I don't have any cat books in my home library and was wondering if anyone here could recommend some. I would really like a book on cat breeds, but books on health, behavior, and training are good too. I would also like it if they were all as current as possible, say nothing earlier than 2005? also, do any of you have a cat magazine that you feel is really good? Thank you.


----------



## Ted (Aug 28, 2011)

Good question. I look forward to reading what others may suggest.


----------



## Paws On Your Heart (Aug 2, 2011)

Hi,

I don't have any book recommendations for recently published cat books, so I look forward to seeing what others suggest. I can, however recommend a few of my favourite cat magazines. 

If you live in North America, a really good cat magazine is "Cat Fancy" it features a lot of good information about breeds, healthcare, and behaviour.

The UK also has two really good magazines, "Your Cat" and "Cat World". Again, both of these magazines have information about all things cat related, such as breeds, healthcare, and behaviour.

You might even be able to read these magazines online (I know for sure that "Cat Fancy" is available to read online). 

I hope one of these magazines appeals to you too!


----------



## furryfriends251 (Jan 1, 2009)

Amazon.com: Your Cat: Simple New Secrets to a Longer, Stronger Life (9780312358020): Elizabeth M. Hodgkins: Books is a very good book


----------



## cooncatbob (May 27, 2011)

I have a copy of "Think like a Cat"
It's copy righted 2000.


----------



## Ted (Aug 28, 2011)

Just today I purchased

Amazon.com: Think Like a Cat: How to Raise a Well-Adjusted Cat--Not a Sour Puss (9780965013017): Pam Johnson-Bennett: Books 


and

Amazon.com: The Complete Idiot's Guide to Getting and Owning a Cat (9781592573417): Sheila Webster Boneham: Books 


I expect them on Saturday.


----------



## saitenyo (Nov 28, 2010)

furryfriends251 said:


> Amazon.com: Your Cat: Simple New Secrets to a Longer, Stronger Life (9780312358020): Elizabeth M. Hodgkins: Books is a very good book


I second this one.

This is my favorite book on cat nutrition: 



It has a fantastic amount of useful information in it


----------



## Nan (Oct 11, 2010)

Another good Pan Johnson-Bennet book is "Cat vs. Cat"


----------



## bluemilk (Oct 3, 2005)

If you like mysteries AND cats go for THE CAT WHO series by Lilian Jackson Braun. There's even a CAT WHO cookbook! Jim Qwilleran lives in Moose County,and solves mysteries with the help of his 2 meezers Koko,and Yum Yum! Cats are great at finding clues!
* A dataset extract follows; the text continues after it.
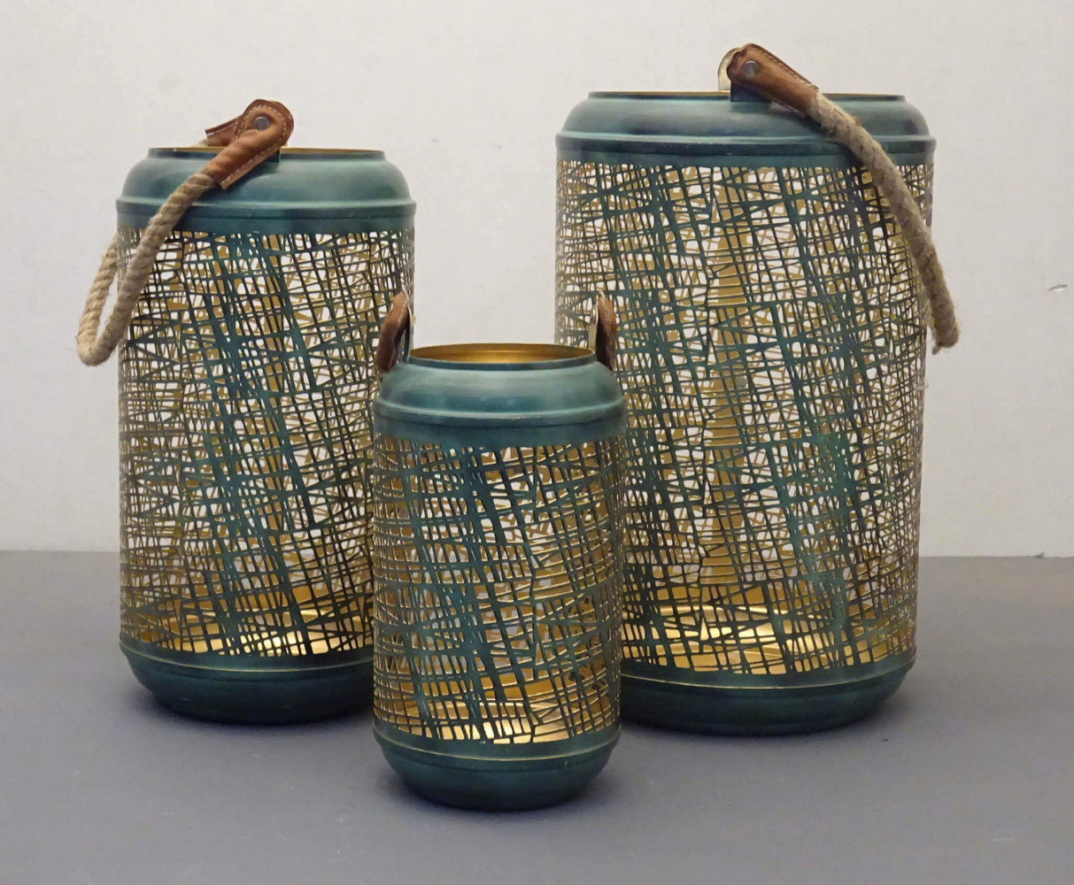 Lanterna in metallo con decoro nera o verde con interno oro e con manico in corda di juta

(my Robin Hood is the cat who said cheese! loves the stuff)


----------



## dakota2004 (Aug 23, 2011)

@ Everyone- Thank you for the suggestions, it's been awhile since I looked for cat books and for some reason I was having issues finding what I wanted 

@ bluemilk- I used to read that series all the time (10+?) years ago and I remember enjoying it, right now though I'm in a vampire/werewolf/zombie/demon/witch/dragon/ghost phase lol


----------



## cooncatbob (May 27, 2011)

This site has very good prices and they always have some good books on pets.
EdwardRHamilton.com


----------



## KittieLover (May 2, 2011)

Well, this is a at book I am currently reading. It's a book called 'Dewey', a real-life story about a ginger kitten that unfortunately gets dumped in a library return box. It's been a great deal of a story so far.

I would recommend it to those who really love cats. It's not a cat care or training book but it's a really good cat book


----------



## love.my.cats (Jan 29, 2009)

Dewey is such a good book. I loved it! But as Sarah said, it's not an informational book, just a good read. Pulls at the heart strings a little too.


----------



## dakota2004 (Aug 23, 2011)

I have Dewey actually, although I haven't gotten around to reading it yet- I keep forgetting it's on my shelf :/


----------